■ **PROBLEM TO SOLVE**:
Transcribe word for word the section of the records below that opens with the line containing "The invitation background" and closes with the line containing "Порядок применения и"; drop every picture.

Items from a data source
·····

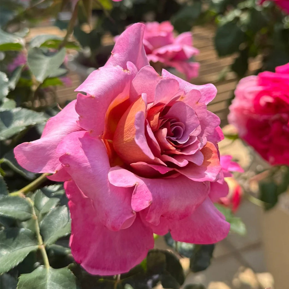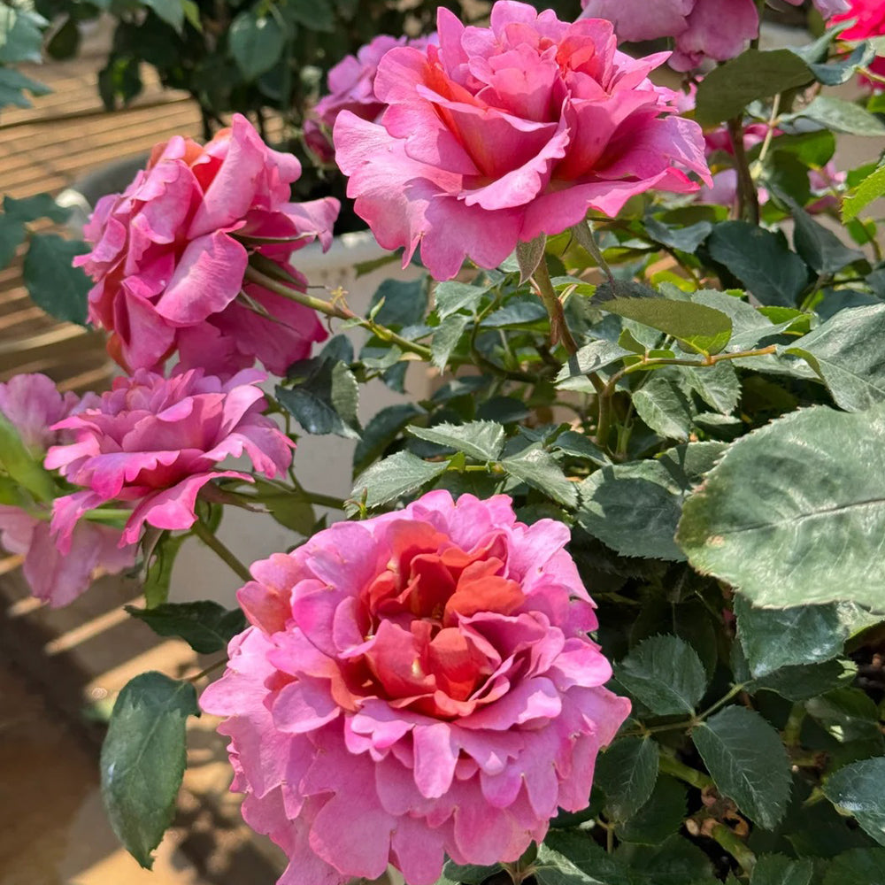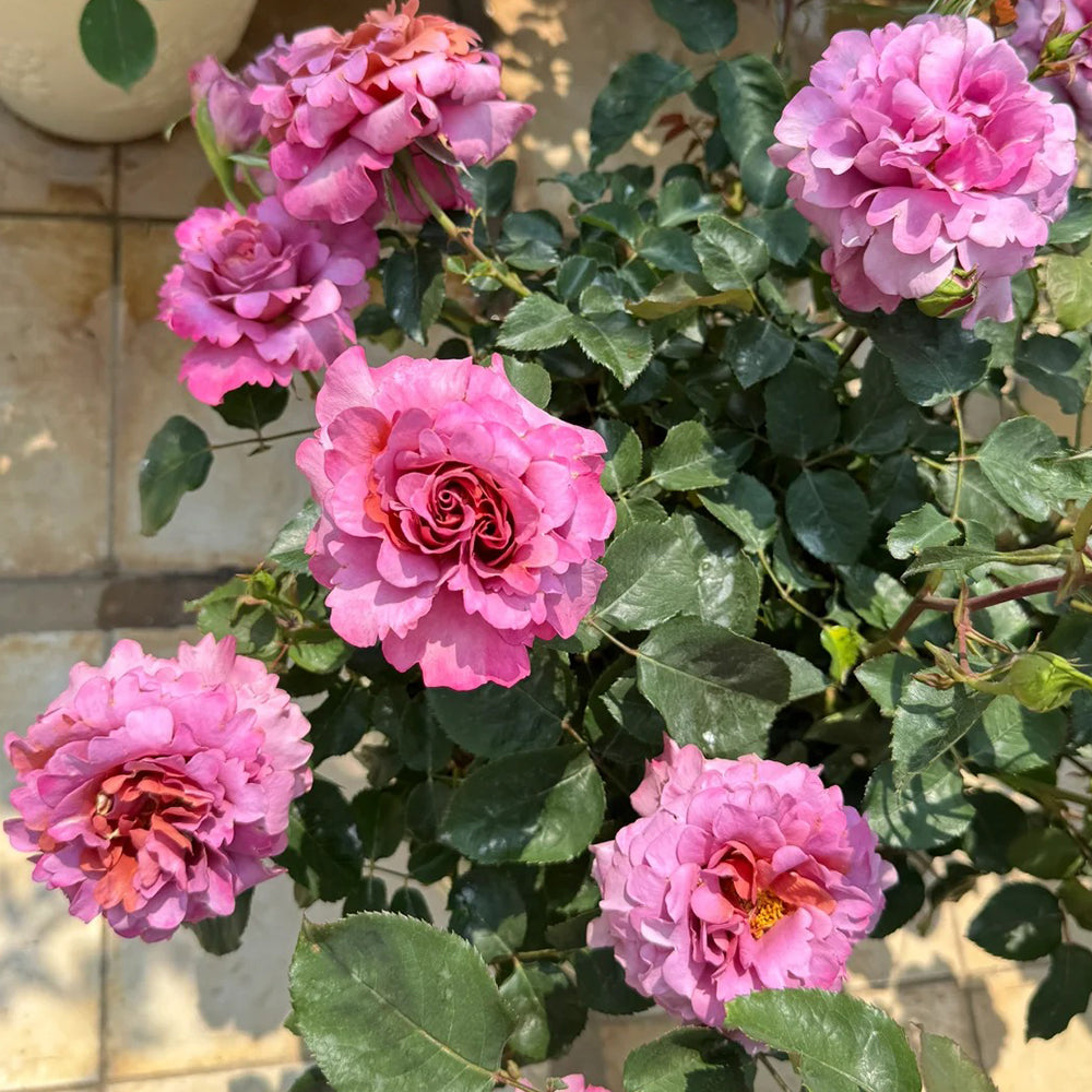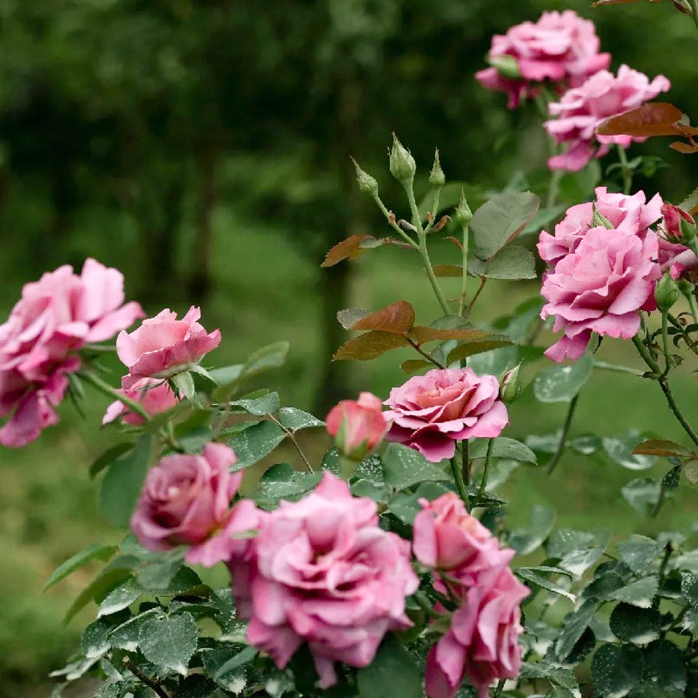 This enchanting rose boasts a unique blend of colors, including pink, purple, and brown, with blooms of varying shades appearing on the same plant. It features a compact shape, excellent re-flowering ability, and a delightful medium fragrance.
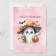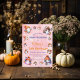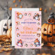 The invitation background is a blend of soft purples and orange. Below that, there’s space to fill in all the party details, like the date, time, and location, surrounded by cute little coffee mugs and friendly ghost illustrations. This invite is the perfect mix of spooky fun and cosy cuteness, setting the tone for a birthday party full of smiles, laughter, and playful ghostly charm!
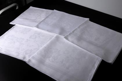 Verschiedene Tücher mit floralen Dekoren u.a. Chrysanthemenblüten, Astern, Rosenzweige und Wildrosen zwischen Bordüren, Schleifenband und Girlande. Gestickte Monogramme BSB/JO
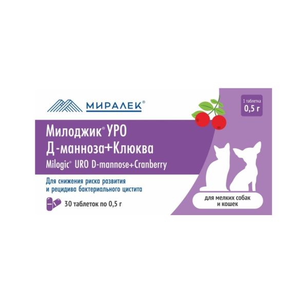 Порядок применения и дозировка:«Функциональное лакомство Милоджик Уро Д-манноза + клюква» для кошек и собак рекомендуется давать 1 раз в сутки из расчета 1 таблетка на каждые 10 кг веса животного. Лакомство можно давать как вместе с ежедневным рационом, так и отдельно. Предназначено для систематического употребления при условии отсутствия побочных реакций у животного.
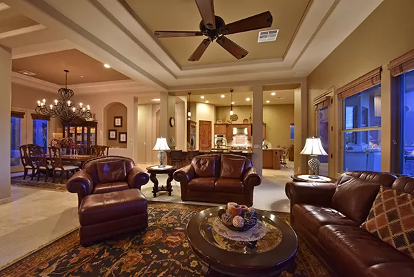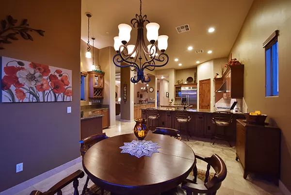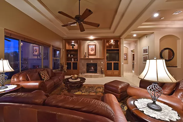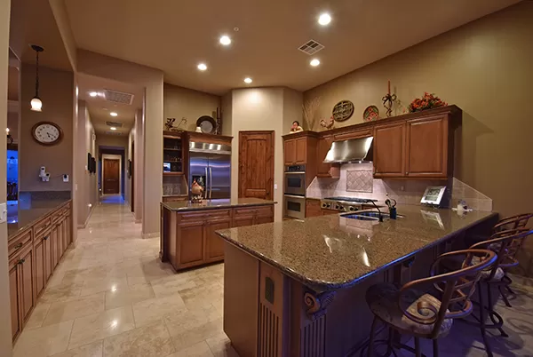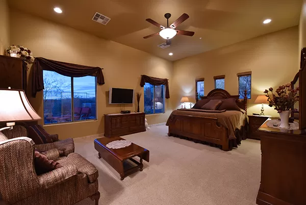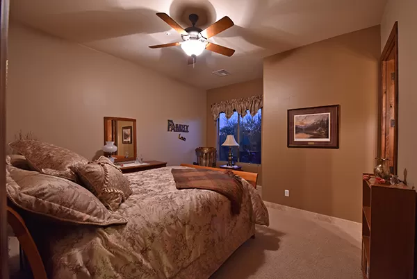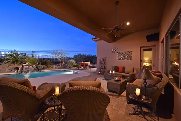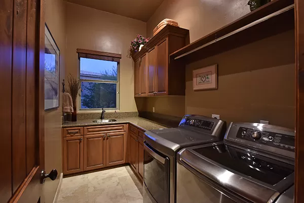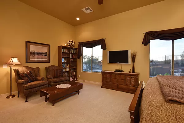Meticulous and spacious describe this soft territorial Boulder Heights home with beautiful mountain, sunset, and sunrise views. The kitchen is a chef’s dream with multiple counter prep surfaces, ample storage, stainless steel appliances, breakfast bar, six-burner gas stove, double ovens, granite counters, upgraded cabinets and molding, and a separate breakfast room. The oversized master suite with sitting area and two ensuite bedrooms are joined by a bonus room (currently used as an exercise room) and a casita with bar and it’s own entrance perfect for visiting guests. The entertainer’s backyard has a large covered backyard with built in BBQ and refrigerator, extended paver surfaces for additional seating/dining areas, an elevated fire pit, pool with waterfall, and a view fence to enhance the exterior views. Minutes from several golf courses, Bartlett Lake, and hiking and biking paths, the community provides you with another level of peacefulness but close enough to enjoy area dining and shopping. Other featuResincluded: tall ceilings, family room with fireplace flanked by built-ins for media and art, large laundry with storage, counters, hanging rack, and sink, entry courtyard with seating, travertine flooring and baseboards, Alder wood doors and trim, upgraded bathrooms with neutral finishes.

·····

■ **RESPONSE BOX**:
 The invitation background is a blend of soft purples and orange. Below that, there’s space to fill in all the party details, like the date, time, and location, surrounded by cute little coffee mugs and friendly ghost illustrations. This invite is the perfect mix of spooky fun and cosy cuteness, setting the tone for a birthday party full of smiles, laughter, and playful ghostly charm!
 Verschiedene Tücher mit floralen Dekoren u.a. Chrysanthemenblüten, Astern, Rosenzweige und Wildrosen zwischen Bordüren, Schleifenband und Girlande. Gestickte Monogramme BSB/JO
 Порядок применения и дозировка:«Функциональное лакомство Милоджик Уро Д-манноза + клюква» для кошек и собак рекомендуется давать 1 раз в сутки из расчета 1 таблетка на каждые 10 кг веса животного. Лакомство можно давать как вместе с ежедневным рационом, так и отдельно. Предназначено для систематического употребления при условии отсутствия побочных реакций у животного.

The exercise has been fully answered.